La Asociación de Suboficiales de las Fuerzas Armadas (ASFAS) ha denunciado hoy que este colectivo vive "en un régimen de apartheid profesional", tras anunciar que ha recurrido la convocatoria de ingreso por promoción en los centros militares de formación.
Así lo asegura en un comunicado remitido a los medios de comunicación, en el que precisa que ha recurrido la resolución por la que se convocan los procesos de selección para el ingreso en los centros docentes militares de formación.
Se refiere, en concreto, a la norma que fija los criterios para acceder, como militar de carrera, a los cuerpos generales, cuerpo de Infantería de Marina y Cuerpos de Intendencia.
La ASFAS explica que el recurso se basa "en la quiebra de los principios constitucionales de igualdad, mérito y capacidad" en relación a los requisitos de acceso y titulación exigida a los suboficiales.
Así, denuncia que la convocatoria actual para ingresar fija unos criterios de acceso más amplios para los suboficiales que para el resto de concursantes porque, además de realizar las pruebas comunes para cualquier opositor, deben superar otra de conocimientos y acreditar un determinado nivel de inglés.
Asegura además que "cuando se trata de aspirantes con titulación universitaria previa, el agravio todavía es mayor", porque para acceder a las mismas escalas y empleos, a unos militares se les amplía el abanico de estudios necesarios a cualquier diplomatura o primer ciclo universitario.
Sin embargo, para otros, los suboficiales, añade el comunicado, se les restringe dicho abanico dejando fuera licenciaturas como Derecho, Geografía e Historia, Filosofía, Psicología o cualquier Filología o diplomaturas como Empresariales o Gestión y Administración Pública.

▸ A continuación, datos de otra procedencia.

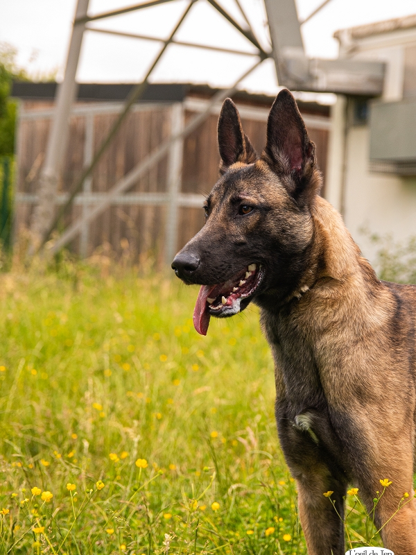 - Mon caractère : Tommy - Jeune Malinois plein d’énergie et de potentiel Tommy est un jeune Malinois ambitieux, joueur et très dynamique. Fidèle à son tempérament de berger, il est intelligent, curieux, et plein de ressources. Il a aussi un instinct protecteur prononcé : lorsqu’il est en laisse, il a tendance à vouloir défendre la personne qui l’accompagne. Une éducation cohérente et bienveillante sera donc nécessaire pour canaliser son énergie et lui apprendre à se détendre dans ces situations. En promenade, Tommy montre déjà de belles aptitudes : il n’est pas réactif aux voitures ni aux vélos, ce qui facilite grandement les balades en extérieur. Pour son bien-être, nous privilégions un foyer sans enfants, car Tommy semble ne pas être à l’aise avec eux. Il a besoin d’adultes calmes, investis, prêts à lui offrir structure, stimulation, et affection. Avec du temps, de la patience et une bonne dose d'activité, Tommy a tout pour devenir un merveilleux compagnon de vie.

Ante este hecho, esta Asociación de Suboficiales de las Fuerzas Armadas se hace la siguiente pregunta: "¿Dónde están los derechos constitucionales de igualdad, mérito y capacidad?"
Tras denunciar que la "columna vertebral de los ejércitos (...) se está rompiendo", sin que nadie piense en "ponerle remedio", la ASFAS califica de "increíble" que en pleno siglo XXI, los suboficiales de las FFAA vivan "en un régimen de apartheid profesional".